Localisation will be a key focus. “In China, we never localised but now we have a team for local relevance. The good thing is we have global scalability – every experiment that we run can be run on every site.” He described mobile as a new platform to drive transactions but what was more important – “it offers us a computer in every pocket”. “It is transforming our ability to create end-to-end experiences for our customers.” He said he had high opens for both Open Table and Kayak which was when he made the comment about “you don’t manage Steve” (Hafner). In his session, when Hafner was asked what had changed two years after acquisition, he said, “Getting used to having a boss.”

Steve Hafner with Phocuswright’s Lorraine Sileo: Having to get used to having a boss is part of post-acquisition life. What it has given him is an appreciation of scale. “When you are a start-up, you aspire to build a great product or service, but you don’t appreciate the complexities of operating at scale. It’s been a big learning experience.” During the November earnings call, Huston spoke about Kayak. “I would say that Kayak, since the day we acquired it, has exceeded our expectations from a profit standpoint. “And I’m really proud of the work that Steve [Hafner] and his teams have done. I would say we are not as aggressively investing.

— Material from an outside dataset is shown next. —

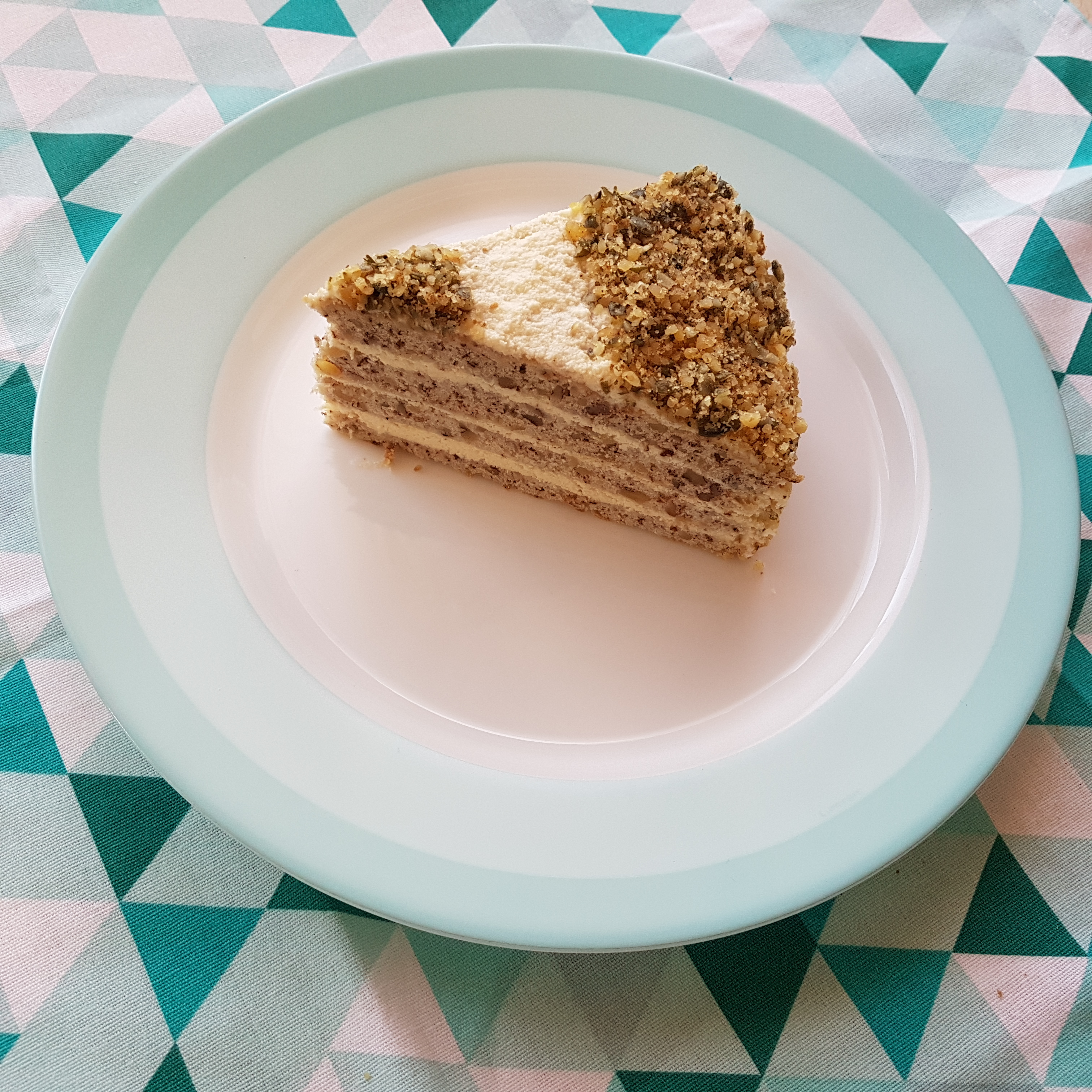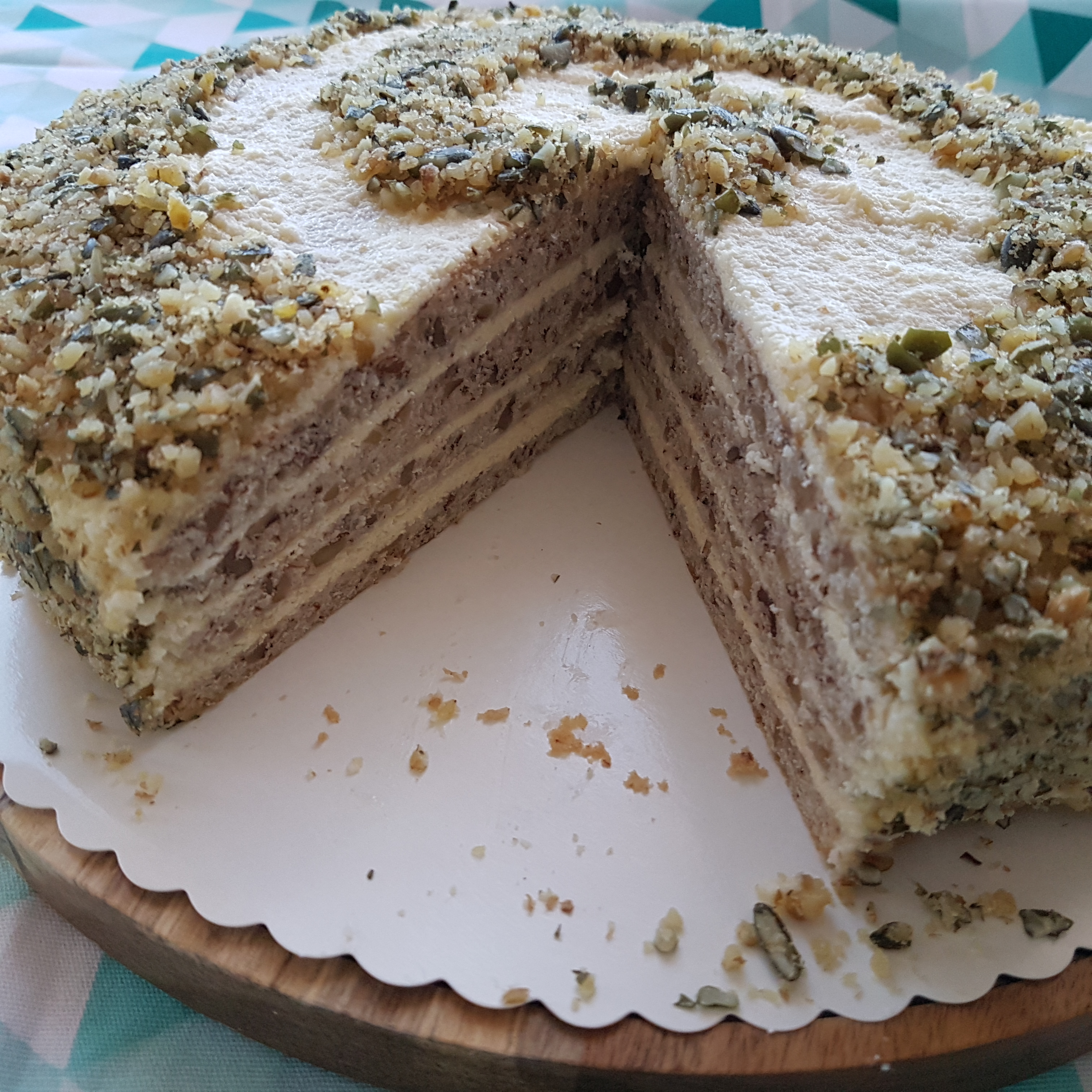Horizontally cut into 2 parts each of the baked, cooled ponds. Using a ring, we begin to rotate blade and cream until it is exhausted, but leave a little of the cream on a cake board. For decoration I used a mixture of walnuts and a few pumpkin seeds (as for color). Leave the cake in the refrigerator for several hours, and best for one night. The next day, we remove the ring and smear the walls of the cake with the rest of the cream. I added from the mixture of walnuts and pears, but you can have imagination and decorate whatever you like, like chocolate. I wanted to dominate the walnut taste and bet on a simple decoration.

We certainly don’t want to invest at a loss to build the Kayak business, so we have done a lot of experimentation and we feel pretty good about the results in particular in Europe.” And he added that the group would “look to see the effect of the various experiments that are going on and our ability to profitably roll this business out to more parts of the world.” At Phocuswright, Hafner said 35% of Kayak’s revenues were now from international sources, versus 14% previously, and he added, “We want Kayak to be a great product and service worldwide – the matrix is usage, not percentage of sales.”


Asked later a hypothetical question that if Priceline could acquire Uber or Airbnb, if the terms were the same, Huston picked Uber. “Both are great companies, truly disruptive but I’d pick public transportation which has tremendously underutilised assets.” All said, he noted the business was in a good place and for him, “it was a dream job”. Recalling his time at Starbucks, he said that culture was very much one of the heart, a consumeroriented company. Microsoft was very brain, data-oriented. Travel is a combination of data and facts but you also need to have a good feeling of the consumer, more heart. You can’t be just a technology or consumer company to be in travel, he said. “I can’t imagine doing any other job than what I am doing now.” I think it was at this point the alarm sounded. Now do you feel sorry for Huston?